Context: Testing Taxonomy

Canonical categories for tests in this project's tests/ tree. Each category is a pytest marker declared in pytest.ini [pytest] markers. Every test file MUST declare a module-level pytestmark = [pytest.mark.<name>] carrying at least one of these markers (architectural convention enforced by tests/architectural/test_pytest_marker_convention.py). CI quality gates and developer-loop profiles select tests by marker (uv run pytest -m fast, -m architectural, -m "contract or unit", …), so an untagged test is silently invisible to those filters.

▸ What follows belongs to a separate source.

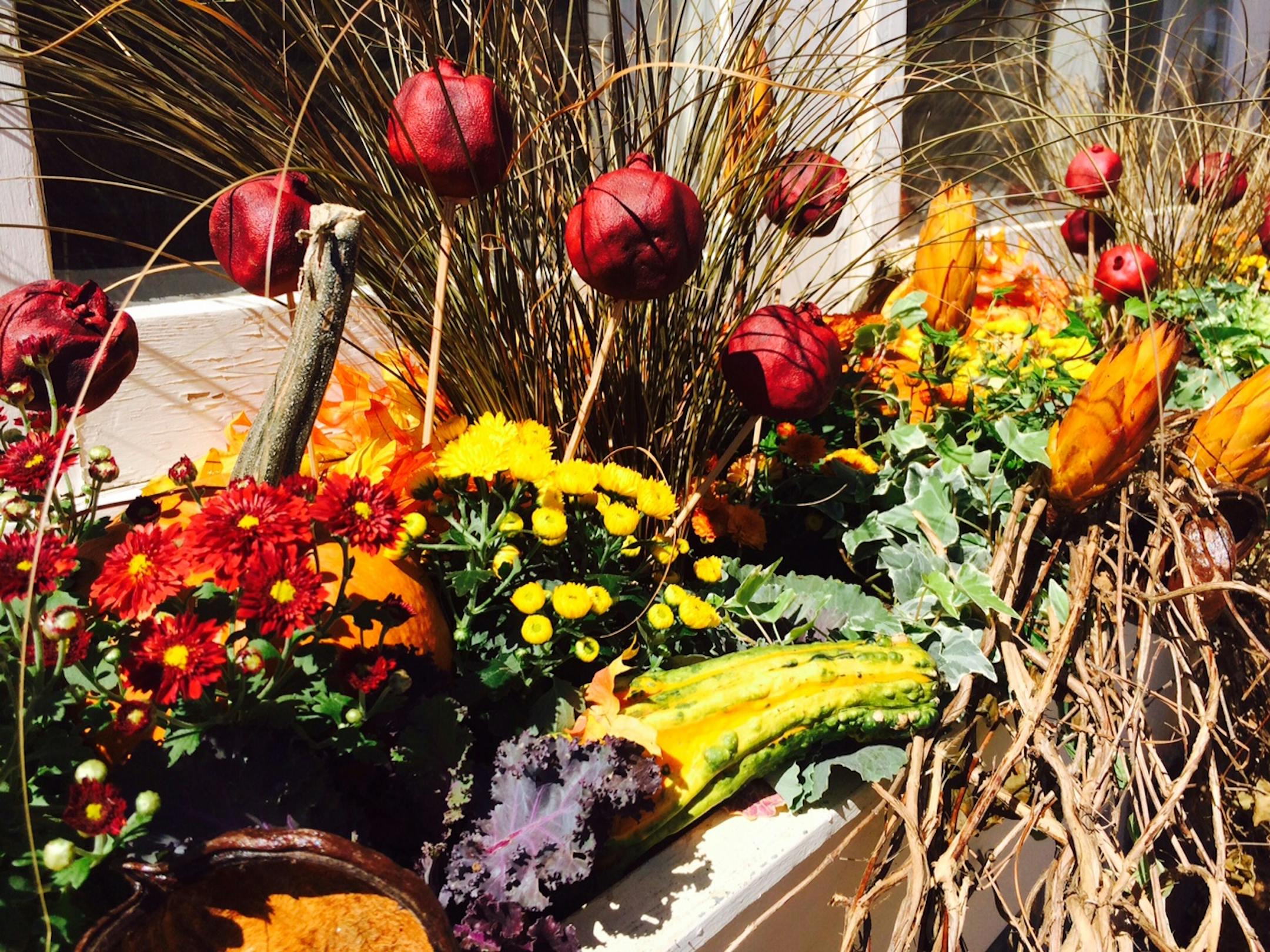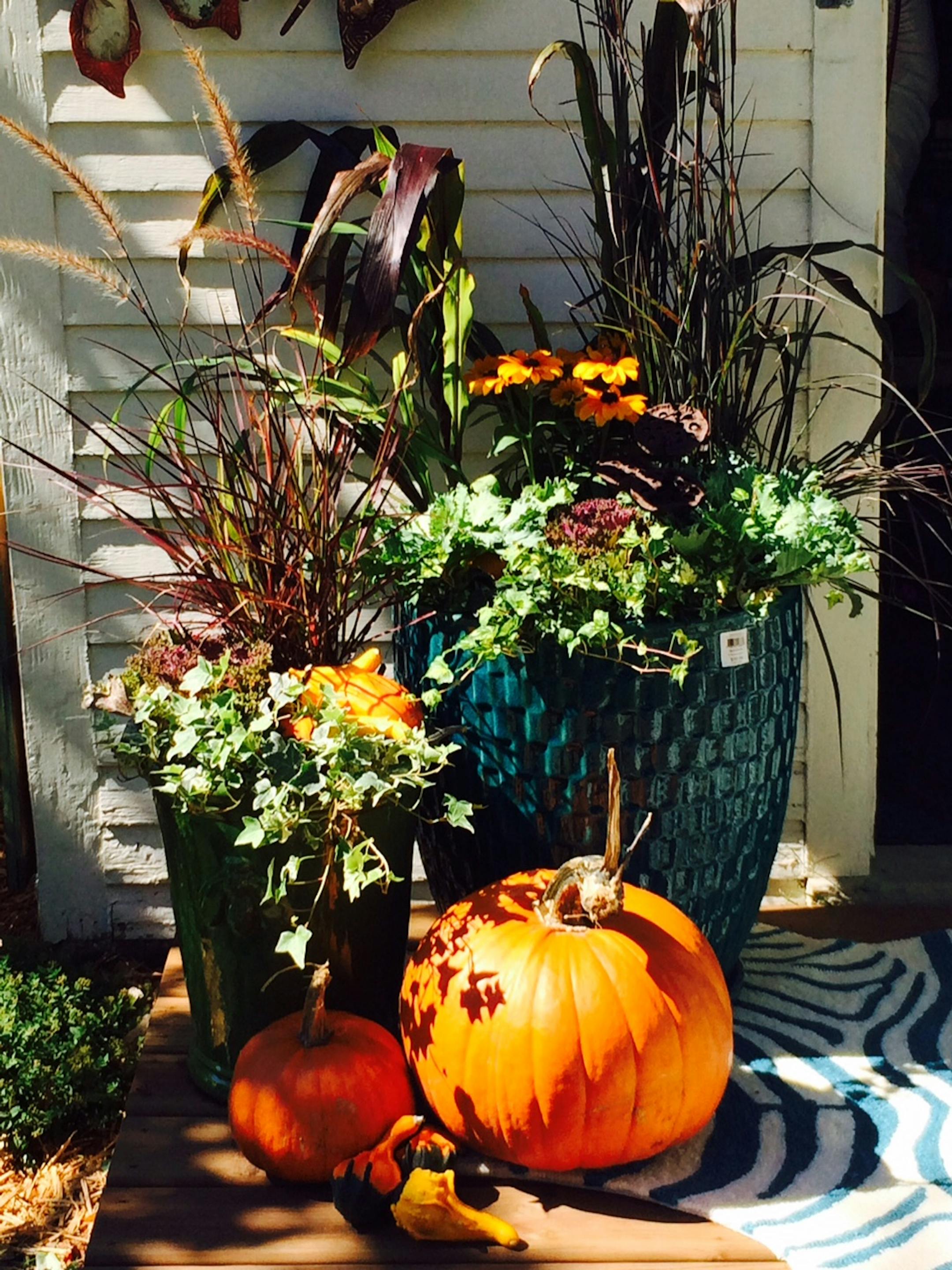 Susie Bachman, a company V.P., suggested mixing dried, artificial and live plants in your fall-flavored pots.

When choosing a marker for a new test file:

  1. Start at the category that best describes what kind of behaviour the test asserts (unit, integration, contract, architectural, e2e).
  2. Add orthogonal markers if the test additionally has a property the category alone does not capture (slow, git_repo, requires_symlinks, platform_linux, windows_ci, …). Multiple markers per file are encouraged when they each carry information.
  3. Never leave a test file untagged. If the test is for human-driven exploration only, mark it exploratory so CI's -m "not exploratory" filter excludes it.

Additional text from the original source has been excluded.